While Black children are experiencing some of the income gains all Americans enjoy–63 percent make more today, after inflation, than their parents did–there are dramatic differences between Blacks and Whites at each income level.

The report found that only 31 percent of Black children, born to parents in the middle-income group, have family incomes greater than their parents, compared to 68 percent of White children in the same circumstance.

Further, nearly half (45 percent) of Black children in the middle-income group fall to the bottom of income distribution in one generation, compared to only 16 percent of White children.

For every parental income group, White children are more likely to move ahead of their parents’ economic rank while Black children are more likely to fall behind.

“Much of my research is focused on the challenges faced by low-income Black families, but these data are very disturbing, because they suggest that most middle-income Black families are having difficulty transferring their hard-earned gains to their children,” said Ronald B. Mincy, the Maurice V. Russell Professor of Social Policy and Social Work Practice at Columbia University and a member of the Economic Mobility Project’s Advisory Board.

“We are hopeful that this report will provoke some serious discussion about what is driving these very troubling findings,” he said.

The nation’s capitol is a prime example of the widening racial economic gap in the midst of unprecedented prosperity for the city. A report from the D.C. Fiscal Policy Institute, DC’s Two Economies: Many Residents Are Falling Behind Despite the City’s Revitalization, examined trends in employment, wages, income, and poverty. The report was issued Oct. 24.

While the number of jobs in the District has grown every year since 1998, the percentage of Blacks who are employed has actually fallen, as has the employment rate among residents with no more than a high school diploma. For both groups, employment rates are near 30-year lows.

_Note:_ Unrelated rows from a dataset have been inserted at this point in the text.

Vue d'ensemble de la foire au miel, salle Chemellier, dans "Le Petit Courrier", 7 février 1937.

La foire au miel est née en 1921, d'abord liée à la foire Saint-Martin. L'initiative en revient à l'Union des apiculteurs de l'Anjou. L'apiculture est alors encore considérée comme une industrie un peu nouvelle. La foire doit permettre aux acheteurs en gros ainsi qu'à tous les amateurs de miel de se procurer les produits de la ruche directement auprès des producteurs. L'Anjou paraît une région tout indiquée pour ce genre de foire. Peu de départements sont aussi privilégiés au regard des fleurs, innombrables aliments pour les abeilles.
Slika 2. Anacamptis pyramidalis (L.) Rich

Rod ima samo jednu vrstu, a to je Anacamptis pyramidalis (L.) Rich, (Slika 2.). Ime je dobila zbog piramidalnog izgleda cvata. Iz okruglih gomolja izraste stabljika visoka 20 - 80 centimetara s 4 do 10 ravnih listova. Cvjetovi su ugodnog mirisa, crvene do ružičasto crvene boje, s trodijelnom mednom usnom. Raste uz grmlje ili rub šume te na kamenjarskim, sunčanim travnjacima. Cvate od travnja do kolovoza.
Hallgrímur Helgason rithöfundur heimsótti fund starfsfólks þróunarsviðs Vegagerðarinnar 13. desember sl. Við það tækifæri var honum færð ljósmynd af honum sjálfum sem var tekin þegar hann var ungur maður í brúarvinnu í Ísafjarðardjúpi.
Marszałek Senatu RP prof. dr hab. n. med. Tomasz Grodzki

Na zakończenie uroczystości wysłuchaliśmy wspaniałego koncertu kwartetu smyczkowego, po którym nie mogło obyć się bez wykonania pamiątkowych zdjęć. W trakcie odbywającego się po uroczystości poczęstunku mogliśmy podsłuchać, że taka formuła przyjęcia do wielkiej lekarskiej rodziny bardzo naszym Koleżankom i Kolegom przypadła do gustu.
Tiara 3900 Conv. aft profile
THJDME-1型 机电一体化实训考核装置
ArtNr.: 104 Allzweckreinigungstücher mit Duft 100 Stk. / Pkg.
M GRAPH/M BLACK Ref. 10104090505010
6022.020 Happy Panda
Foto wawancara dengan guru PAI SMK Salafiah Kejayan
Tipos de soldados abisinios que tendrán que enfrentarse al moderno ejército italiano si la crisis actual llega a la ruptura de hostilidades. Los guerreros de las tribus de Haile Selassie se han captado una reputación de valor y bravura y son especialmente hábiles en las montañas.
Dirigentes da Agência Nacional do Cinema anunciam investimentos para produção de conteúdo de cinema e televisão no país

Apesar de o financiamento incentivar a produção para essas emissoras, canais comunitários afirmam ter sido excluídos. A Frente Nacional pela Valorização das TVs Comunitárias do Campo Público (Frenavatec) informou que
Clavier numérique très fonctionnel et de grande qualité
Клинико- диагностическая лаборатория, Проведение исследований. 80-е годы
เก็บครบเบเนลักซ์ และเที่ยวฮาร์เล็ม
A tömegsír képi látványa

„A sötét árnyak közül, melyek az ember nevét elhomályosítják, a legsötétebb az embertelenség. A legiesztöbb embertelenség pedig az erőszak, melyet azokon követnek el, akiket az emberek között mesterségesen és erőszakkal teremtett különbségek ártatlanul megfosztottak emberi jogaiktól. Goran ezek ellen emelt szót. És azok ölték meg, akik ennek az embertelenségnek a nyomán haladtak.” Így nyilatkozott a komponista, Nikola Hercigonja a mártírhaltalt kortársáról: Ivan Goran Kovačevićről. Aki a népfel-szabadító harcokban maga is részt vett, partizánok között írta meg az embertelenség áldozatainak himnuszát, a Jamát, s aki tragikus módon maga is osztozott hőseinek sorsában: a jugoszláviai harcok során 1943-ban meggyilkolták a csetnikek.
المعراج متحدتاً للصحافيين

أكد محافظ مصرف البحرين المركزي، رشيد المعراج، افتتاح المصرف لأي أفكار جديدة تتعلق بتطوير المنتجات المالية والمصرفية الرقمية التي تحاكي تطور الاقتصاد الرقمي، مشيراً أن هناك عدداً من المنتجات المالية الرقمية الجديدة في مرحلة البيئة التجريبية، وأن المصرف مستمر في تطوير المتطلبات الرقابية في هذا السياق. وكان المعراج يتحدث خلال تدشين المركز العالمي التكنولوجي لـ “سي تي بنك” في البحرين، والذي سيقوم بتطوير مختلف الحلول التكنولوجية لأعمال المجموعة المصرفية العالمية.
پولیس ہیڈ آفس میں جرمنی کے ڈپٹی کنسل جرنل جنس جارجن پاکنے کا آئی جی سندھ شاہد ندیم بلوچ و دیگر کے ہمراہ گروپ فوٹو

“It is surprising–and deeply troubling–that large numbers of D.C. residents are falling behind when so many of the city’s economic indicators are at their best levels in decades,” said Ed Lazere, executive director of the D.C. Fiscal Policy Institute. “The District’s well-known economic disparities are getting even worse.”

Blacks still have the highest official unemployment rate in the country at 8.1 percent, Hispanics at 5.7 percent and Whites at 4.2 percent. Bureau of Labor statistics for October show the unemployment rates remain “statistically unchanged,” but that still represents 300,000 more people on the unemployment rolls. This rise occurred most among the least educated Americans. As overall labor market participation rates rose, vulnerable groups like Black teens and high school dropouts saw their participation rates decrease.

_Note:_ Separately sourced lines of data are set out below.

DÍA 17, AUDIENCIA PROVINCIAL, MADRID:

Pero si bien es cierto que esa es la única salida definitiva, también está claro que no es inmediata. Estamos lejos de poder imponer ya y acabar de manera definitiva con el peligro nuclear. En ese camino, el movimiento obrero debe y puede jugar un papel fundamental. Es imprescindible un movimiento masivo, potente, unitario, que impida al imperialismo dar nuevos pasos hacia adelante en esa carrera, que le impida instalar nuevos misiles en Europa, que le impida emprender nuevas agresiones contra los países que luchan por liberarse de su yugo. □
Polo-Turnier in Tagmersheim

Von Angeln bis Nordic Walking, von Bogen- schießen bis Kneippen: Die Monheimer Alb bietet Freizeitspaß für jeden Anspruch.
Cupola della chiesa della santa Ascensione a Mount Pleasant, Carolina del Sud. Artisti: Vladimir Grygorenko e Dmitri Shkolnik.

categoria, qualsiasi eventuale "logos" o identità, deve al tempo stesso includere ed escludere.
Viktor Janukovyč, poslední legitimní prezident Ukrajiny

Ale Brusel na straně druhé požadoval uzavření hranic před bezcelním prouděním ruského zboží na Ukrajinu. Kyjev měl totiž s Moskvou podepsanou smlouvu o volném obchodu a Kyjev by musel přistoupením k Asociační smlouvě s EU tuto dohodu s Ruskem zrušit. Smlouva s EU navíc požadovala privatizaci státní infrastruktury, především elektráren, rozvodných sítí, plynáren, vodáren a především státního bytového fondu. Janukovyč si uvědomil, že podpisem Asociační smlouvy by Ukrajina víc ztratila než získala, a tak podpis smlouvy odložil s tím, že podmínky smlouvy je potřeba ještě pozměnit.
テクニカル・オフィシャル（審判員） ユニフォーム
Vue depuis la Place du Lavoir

James Hightower puts a face on these statistics. “My friends and I seem to be in the same boat. We can’t get a job. We want to do better but this society won’t let us. It’s a whole lot of men just like me looking, can’t find anything and then we get frustrated,” said Mr. Hightower.

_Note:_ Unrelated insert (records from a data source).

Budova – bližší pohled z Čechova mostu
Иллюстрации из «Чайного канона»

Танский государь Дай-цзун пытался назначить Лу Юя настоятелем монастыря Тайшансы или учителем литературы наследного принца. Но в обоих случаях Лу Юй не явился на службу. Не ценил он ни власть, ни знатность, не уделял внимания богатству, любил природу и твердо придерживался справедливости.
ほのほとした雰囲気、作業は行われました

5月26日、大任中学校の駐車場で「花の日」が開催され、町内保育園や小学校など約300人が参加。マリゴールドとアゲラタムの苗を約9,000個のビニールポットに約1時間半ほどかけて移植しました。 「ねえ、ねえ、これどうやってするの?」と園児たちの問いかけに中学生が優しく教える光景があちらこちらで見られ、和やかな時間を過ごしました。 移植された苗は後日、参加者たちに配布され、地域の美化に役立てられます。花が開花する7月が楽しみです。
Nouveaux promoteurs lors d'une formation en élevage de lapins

“We have families. We have to eat and live like everybody else. What are we supposed to do? That’s why some people wind up in jail. The only way they can get money is to hustle,” he said.

The Children’s Defense Fund released a report in September that detailed the plight of young men like Mr. Hightower. It is called America’s Cradle to Prison Pipeline. The report warns of a national crisis at the intersection of poverty and race. That intersection puts Black boys at a one in three lifetime risk of going to jail and Latino boys at a one in six lifetime risk of the same fate, according to the report.